DESCRIPTION OF THE TASK >> Your task is to reproduce exactly the lines from the one containing "AEU03809418 CAP LLP" through the last line below, both ends included, and nothing else, with no pictures.

SUPPLIED RECORDS >>
☆ ☆ ☆

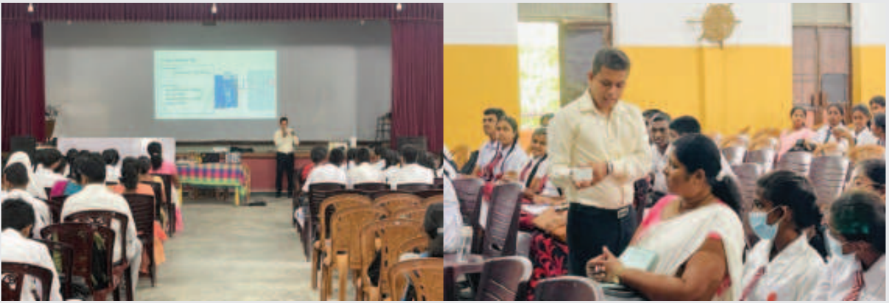
IoT Seminar at Gurulugomi Vidyalaya
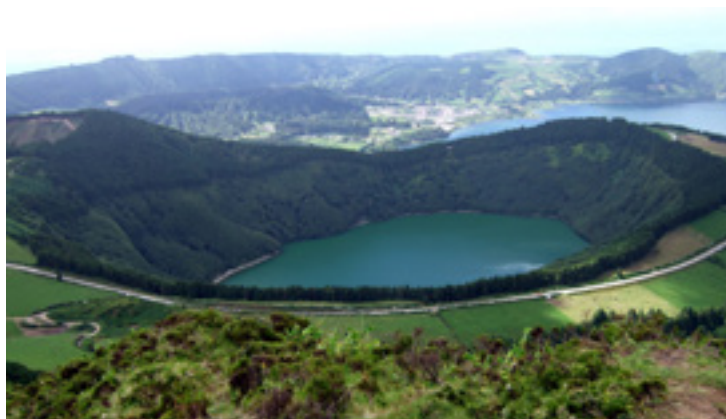
Sao Miguel Island, Sete Cidades Caldera, Lagoa de Santiago, Azores
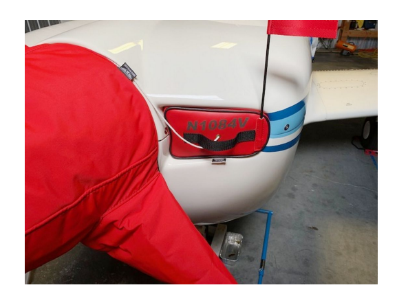
Mooney Engine Inlet Plug & Prop Cover

This cover type is made from Silver Acrylic Sunbrella canvas and is 100% lined with a soft and smooth microfiber. Bruce's Custom Covers developed this material combination especially for aircraft protection. The outer material is medium weight and treated for water resistance, UV resistance and anti-static buildup. The inner lining is a very soft and smooth microfiber to prevent scratching. The material is very reflective, and tests show that the cabin interior temperature can be reduced to near-ambient temperature on the hottest of days. It is water, ice and snow repellent, yet breathable to allow moisture to escape from between the cover and the aircraft surface.
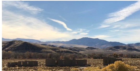
More of Fort Churchill today
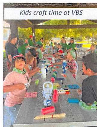
Kids craft time at VBS

That same month, we held our annual mission camp. We had 35 to 40 participants representing four churches from North Carolina, Texas, Colorado,
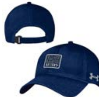
NASHVILLE, TN UH206Y19TW

AEU03809418 CAP LLP MNY AEU03318307 CAP CL MNY
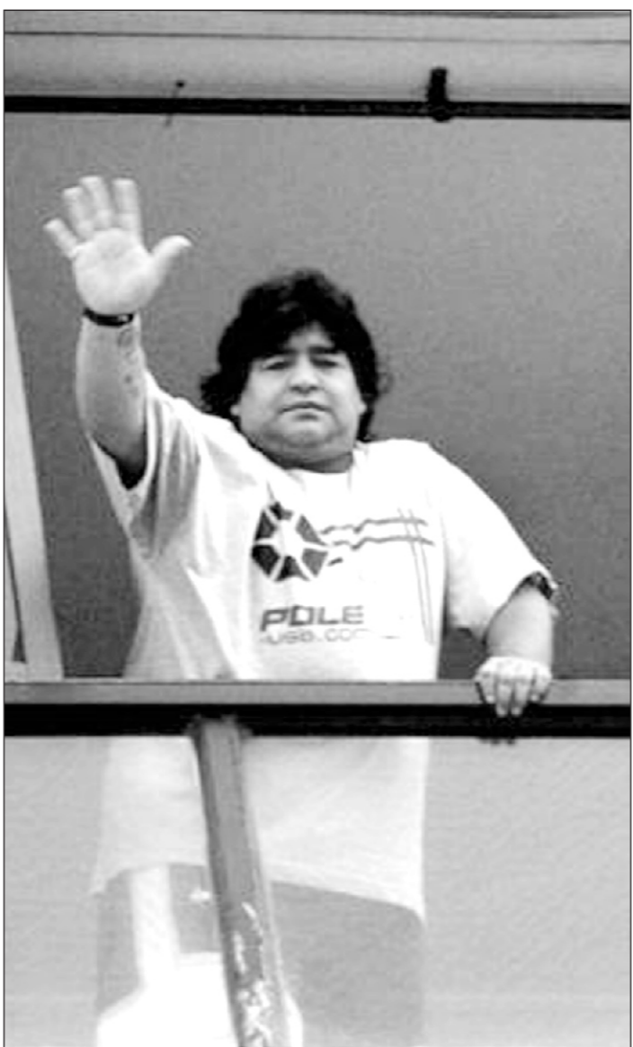
The legendary Diego Maradona waves to fans from the balcony of a hotel in Cartagena, Colombia on February 11.

At Christmas, Maradona defied his doctor's advice and returned to Argentina for one month. He went to Greece on a business trip last month.

☆ ☆ ☆

RESPONSE TO THE TASK >>
AEU03809418 CAP LLP MNY AEU03318307 CAP CL MNY
The legendary Diego Maradona waves to fans from the balcony of a hotel in Cartagena, Colombia on February 11.

At Christmas, Maradona defied his doctor's advice and returned to Argentina for one month. He went to Greece on a business trip last month.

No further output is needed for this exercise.